Posted to commits@drill.apache.org by am...@apache.org on 2018/03/30 14:41:20 UTC
[7/7] drill git commit: DRILL-6125: Fix possible memory leak when
query is cancelled or finished.
DRILL-6125: Fix possible memory leak when query is cancelled or finished.
close apache/drill#1105
Project: http://git-wip-us.apache.org/repos/asf/drill/repo
Commit: http://git-wip-us.apache.org/repos/asf/drill/commit/a264e7fe
Tree: http://git-wip-us.apache.org/repos/asf/drill/tree/a264e7fe
Diff: http://git-wip-us.apache.org/repos/asf/drill/diff/a264e7fe
Branch: refs/heads/master
Commit: a264e7feb1d02ffd5762bb1f652ea22d17aa5243
Parents: 03b245e
Author: Timothy Farkas <ti...@apache.org>
Authored: Tue Jan 30 15:55:41 2018 -0800
Committer: Aman Sinha <as...@maprtech.com>
Committed: Thu Mar 29 23:24:09 2018 -0700
----------------------------------------------------------------------
.../drill/exec/physical/impl/RootExec.java | 23 ++-
.../PartitionSenderRootExec.java | 32 ++--
.../exec/work/fragment/FragmentExecutor.java | 179 ++++++++++++++-----
3 files changed, 160 insertions(+), 74 deletions(-)

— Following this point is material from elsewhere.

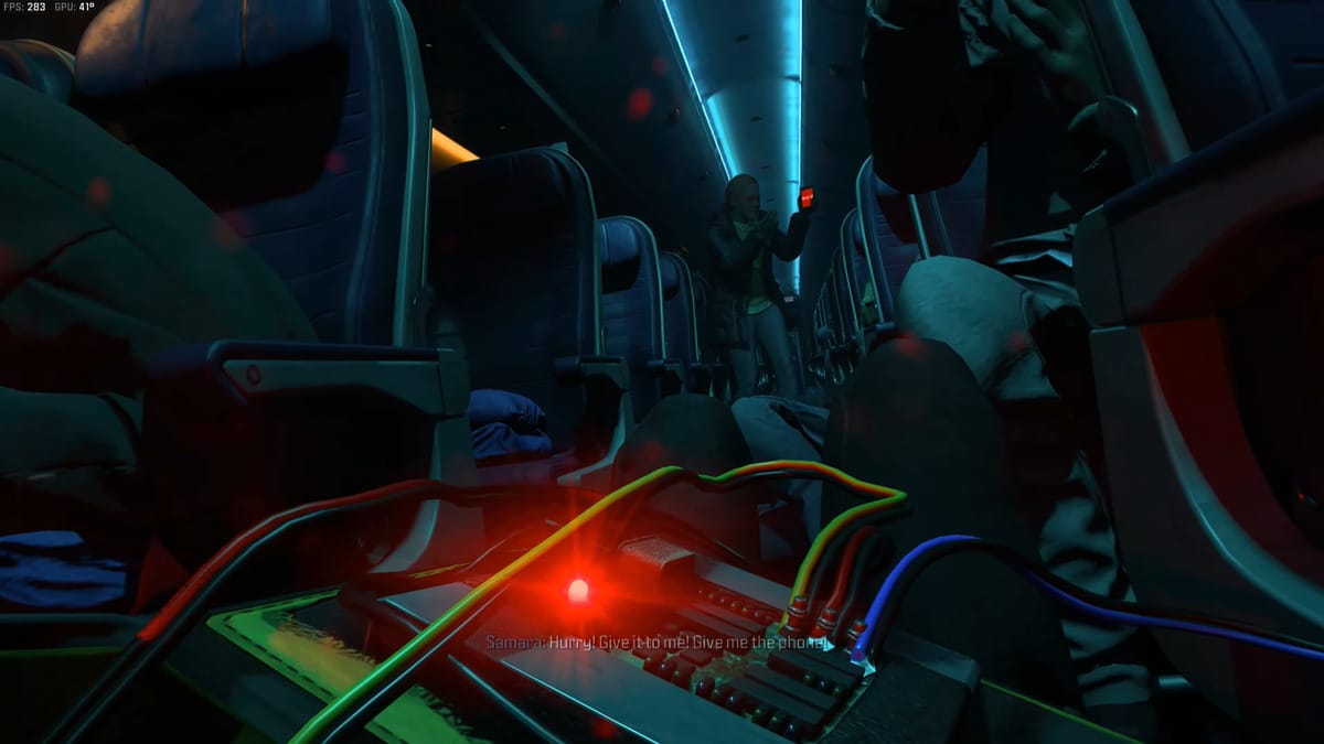 The bewilderment of the woman is interrupted by the barrel of a gun pointed at her by a man who is a member of the Makarov group. We probably don’t need to go into all the details, but regardless of your actions, Samara will lose consciousness from a flashbang grenade, after which she discovers she is wearing an explosive vest. Having thrown the activated detonator into the crowd of passengers, the villains jump with parachutes. At the same time, frightened passengers do not allow Samara to reach the detonator, mistaking her for a terrorist, after which an explosion occurs.

----------------------------------------------------------------------
http://git-wip-us.apache.org/repos/asf/drill/blob/a264e7fe/exec/java-exec/src/main/java/org/apache/drill/exec/physical/impl/RootExec.java
----------------------------------------------------------------------
diff --git a/exec/java-exec/src/main/java/org/apache/drill/exec/physical/impl/RootExec.java b/exec/java-exec/src/main/java/org/apache/drill/exec/physical/impl/RootExec.java
index 5e366fb..ddeb3e8 100644
--- a/exec/java-exec/src/main/java/org/apache/drill/exec/physical/impl/RootExec.java
+++ b/exec/java-exec/src/main/java/org/apache/drill/exec/physical/impl/RootExec.java
@@ -20,19 +20,28 @@ package org.apache.drill.exec.physical.impl;
import org.apache.drill.exec.proto.ExecProtos.FragmentHandle;
/**
- * A FragmentRoot is a node which is the last processing node in a query plan. FragmentTerminals include Exchange
- * output nodes and storage nodes. They are there driving force behind the completion of a query.
+ * <h2>Functionality</h2>
+ * <p>
+ * A FragmentRoot is a node which is the last processing node in a query plan. FragmentTerminals include Exchange
+ * output nodes and storage nodes. They are there driving force behind the completion of a query.
+ * </p>
+ * <h2>Assumptions</h2>
+ * <p>
+ * All implementations of {@link RootExec} assume that all their methods are called by the same thread.
+ * </p>
*/
public interface RootExec extends AutoCloseable {
/**
* Do the next batch of work.
- * @return Whether or not additional batches of work are necessary. False means that this fragment is done.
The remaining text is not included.